A few useful tricks can allow you to make a small, yet sufficient greenhouse cover from plastic. Some gardeners use small greenhouses exclusively to grow certain varieties of cucumbers in cooler climates. This lets them begin planting in early spring, and continue growing well into the fall, while opening up the cover during the summer, as it can get too hot inside a greenhouse during warmer weather.

If you buy milk, or anything else that comes in large plastic jugs, save the leftover containers. You can later place them over your vegetables (with a bottom cut out) if there is a need to keep them warm in the fall, when time gets closer to freezing weather.

Another important aspect of fall vegetable gardening is to plant seeds that will germinate under a protective layer of mulch, remain dormant during the winter months, and then sprout up in the spring. Garlic is a great example of this type of vegetable – and if you’ve never had young garlic straight from the garden, you are missing out on one of the best treats of nature! (Assuming that you like garlic…)

Fall vegetable gardening carries many advantages for certain plants. For example, some pests can’t survive colder temperatures, and therefore will leave your fall crops alone. Some of the cruciferous vegetables mentioned above mature better in cooler weather. There is also more moisture retention in the ground, which means less maintenance on your part when it comes to watering your garden.

When planting a fall garden in late summer, consider placing your seeds a little deeper into the ground than you normally would. Top soil tends to get hot and dry in the summer, and you want your seeds in wetter, cooler conditions. You have to ensure adequate protection from heat for any vegetables that you plant in the summer. Young plants and seedlings need to be well watered during the initial growing stages, and even shaded from the sun in some instances (especially when they are just starting to grow).
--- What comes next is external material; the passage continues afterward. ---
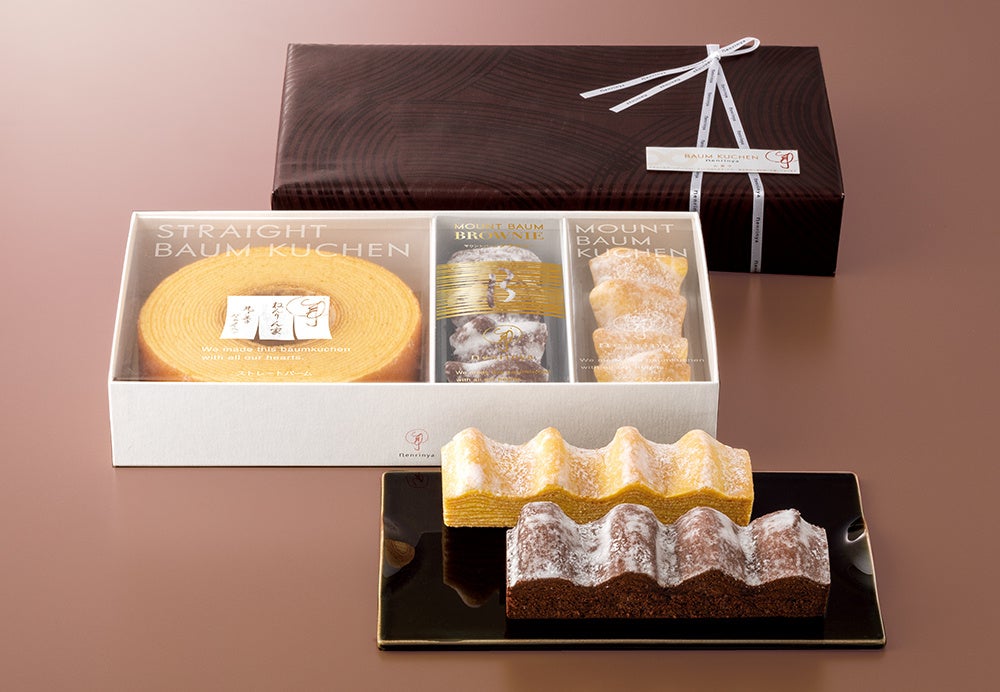 ねんりん家の誇るバームクーヘンの数々を満喫いただける、冬だけのギフトです。バター風味たっぷりの代表作「マウントバーム しっかり芽」。濃厚にカカオが香る冬限定品「マウントバーム ブラウニー」。たまごたっぷりでふっくらジューシーな「ストレートバーム やわらか芽」。

Vegetables that can withstand a little bit of frost are potatoes, beets and carrots, celery, and lettuce. Others, which cannot tolerate frost and should be harvested in earlier fall are pumpkins, squash, tomatoes, beans, corn, cucumbers, and peppers.

Finally, to get the best results from your fall vegetable gardening, keep a planting journal so that you know how long it took each vegetable to grow and mature in your area. Check beforehand to see when your geographical area typically gets its first frost, so that you can plan your harvesting time for vegetables that are not well adapted to frost bites.